▶ **ABOUT THIS TASK**
From the first line down to the line containing "Adventure Awaits White", print the records below exactly, leaving every picture out.
---------------
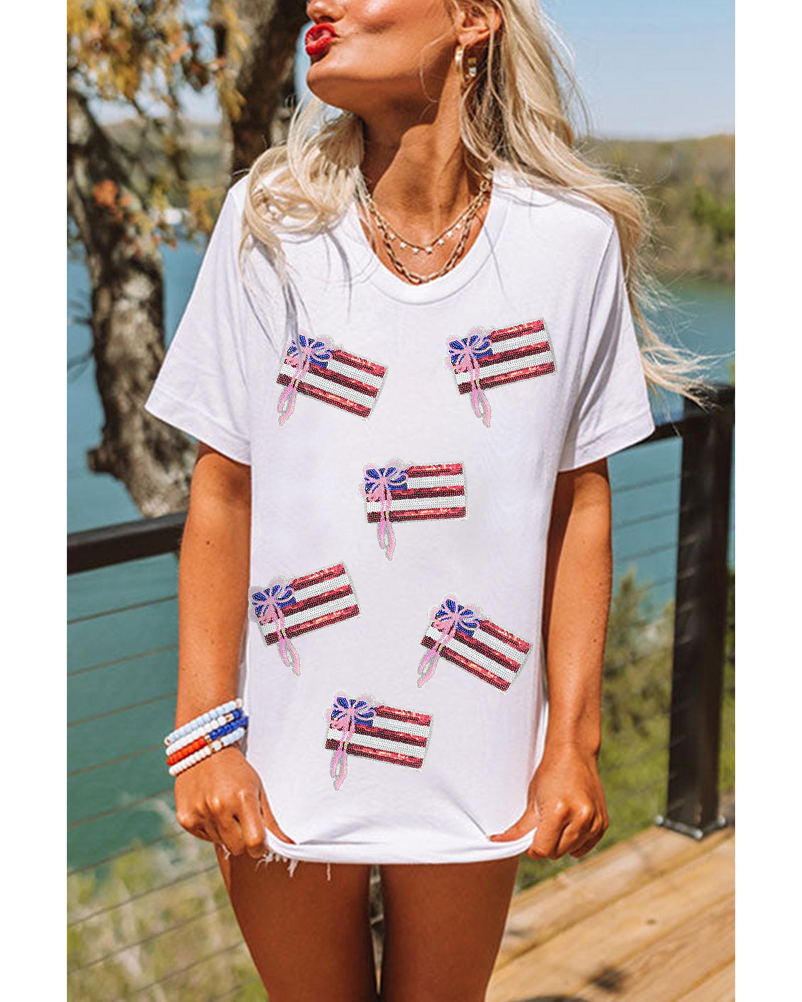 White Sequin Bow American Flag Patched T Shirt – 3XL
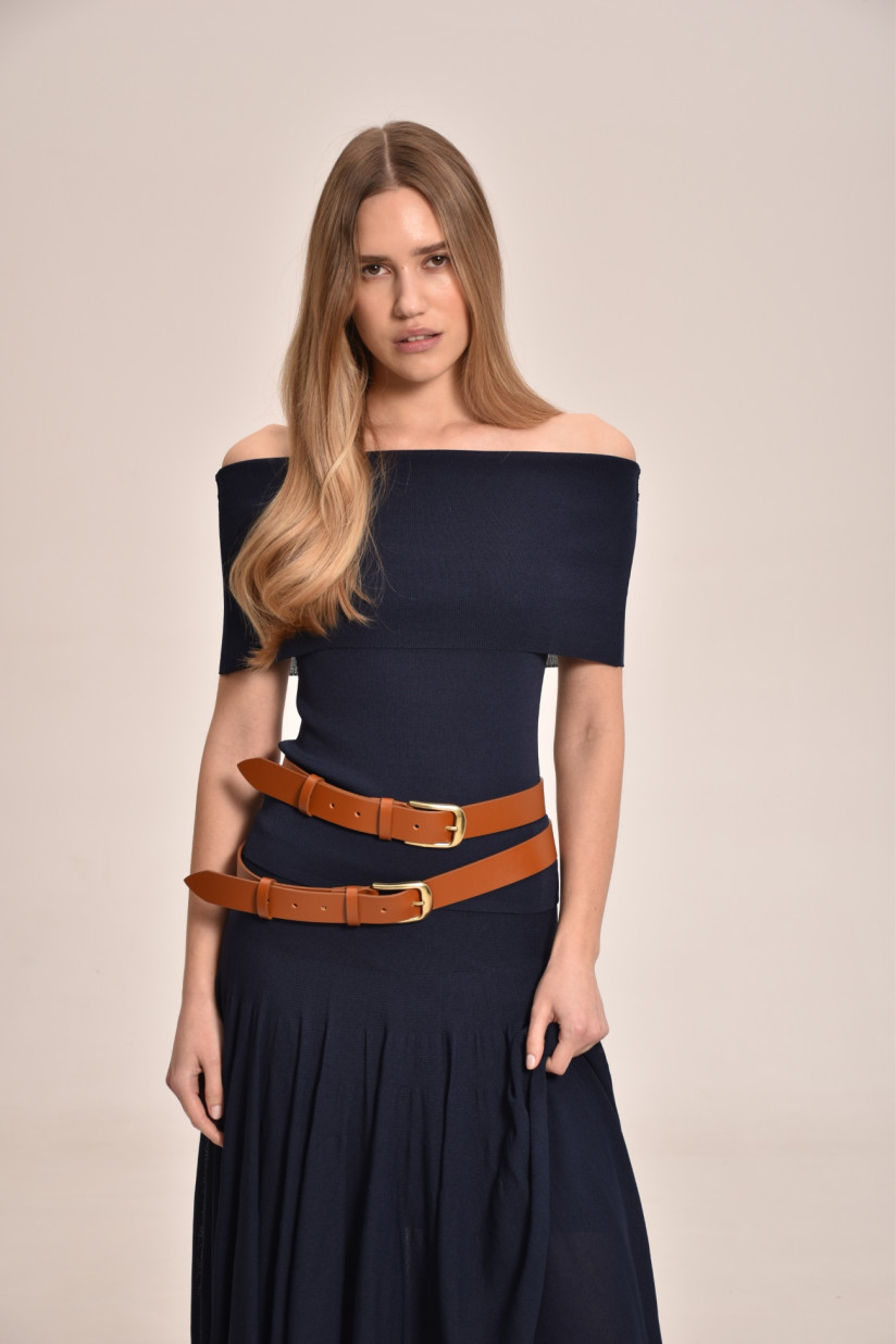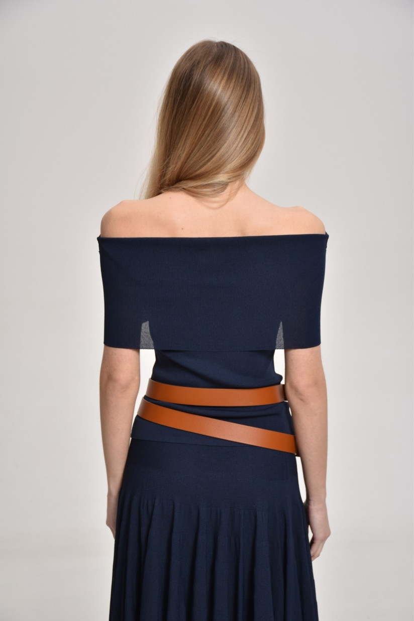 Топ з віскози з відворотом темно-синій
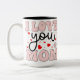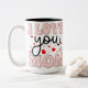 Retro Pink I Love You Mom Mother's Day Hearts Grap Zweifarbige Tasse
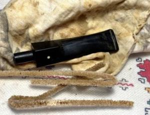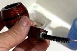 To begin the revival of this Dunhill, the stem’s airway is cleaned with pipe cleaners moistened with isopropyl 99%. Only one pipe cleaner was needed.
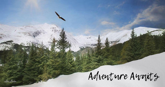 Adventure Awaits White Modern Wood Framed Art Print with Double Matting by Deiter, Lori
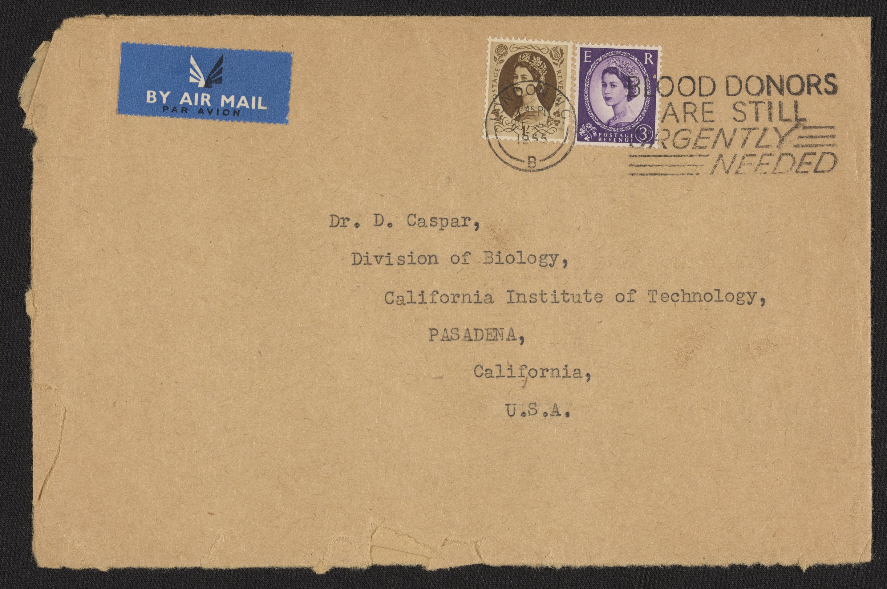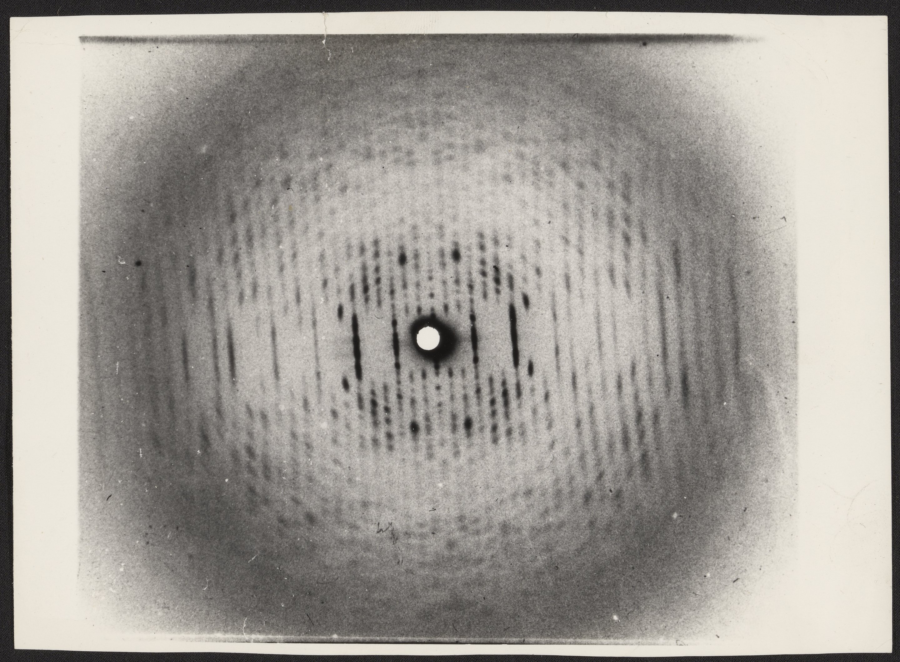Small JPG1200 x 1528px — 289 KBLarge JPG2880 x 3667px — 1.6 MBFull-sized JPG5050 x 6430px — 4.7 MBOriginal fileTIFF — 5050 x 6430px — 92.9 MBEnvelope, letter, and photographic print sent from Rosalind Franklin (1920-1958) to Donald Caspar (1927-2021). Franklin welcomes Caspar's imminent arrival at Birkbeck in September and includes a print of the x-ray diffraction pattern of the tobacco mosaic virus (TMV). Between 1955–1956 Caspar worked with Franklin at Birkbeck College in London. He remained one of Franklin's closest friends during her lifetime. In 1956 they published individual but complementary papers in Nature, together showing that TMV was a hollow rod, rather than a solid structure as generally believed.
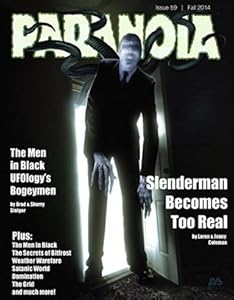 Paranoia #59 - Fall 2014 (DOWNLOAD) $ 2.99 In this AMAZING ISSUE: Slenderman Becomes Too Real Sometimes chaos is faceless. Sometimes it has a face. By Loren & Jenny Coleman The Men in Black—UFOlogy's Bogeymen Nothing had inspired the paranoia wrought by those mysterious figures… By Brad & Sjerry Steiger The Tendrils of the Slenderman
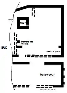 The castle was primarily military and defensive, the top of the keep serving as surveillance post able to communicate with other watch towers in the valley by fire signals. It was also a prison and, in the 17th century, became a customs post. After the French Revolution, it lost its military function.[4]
---------------
▶ **TASK RESULT**
 White Sequin Bow American Flag Patched T Shirt – 3XL
 Топ з віскози з відворотом темно-синій
 Retro Pink I Love You Mom Mother's Day Hearts Grap Zweifarbige Tasse
 To begin the revival of this Dunhill, the stem’s airway is cleaned with pipe cleaners moistened with isopropyl 99%. Only one pipe cleaner was needed.
 Adventure Awaits White Modern Wood Framed Art Print with Double Matting by Deiter, Lori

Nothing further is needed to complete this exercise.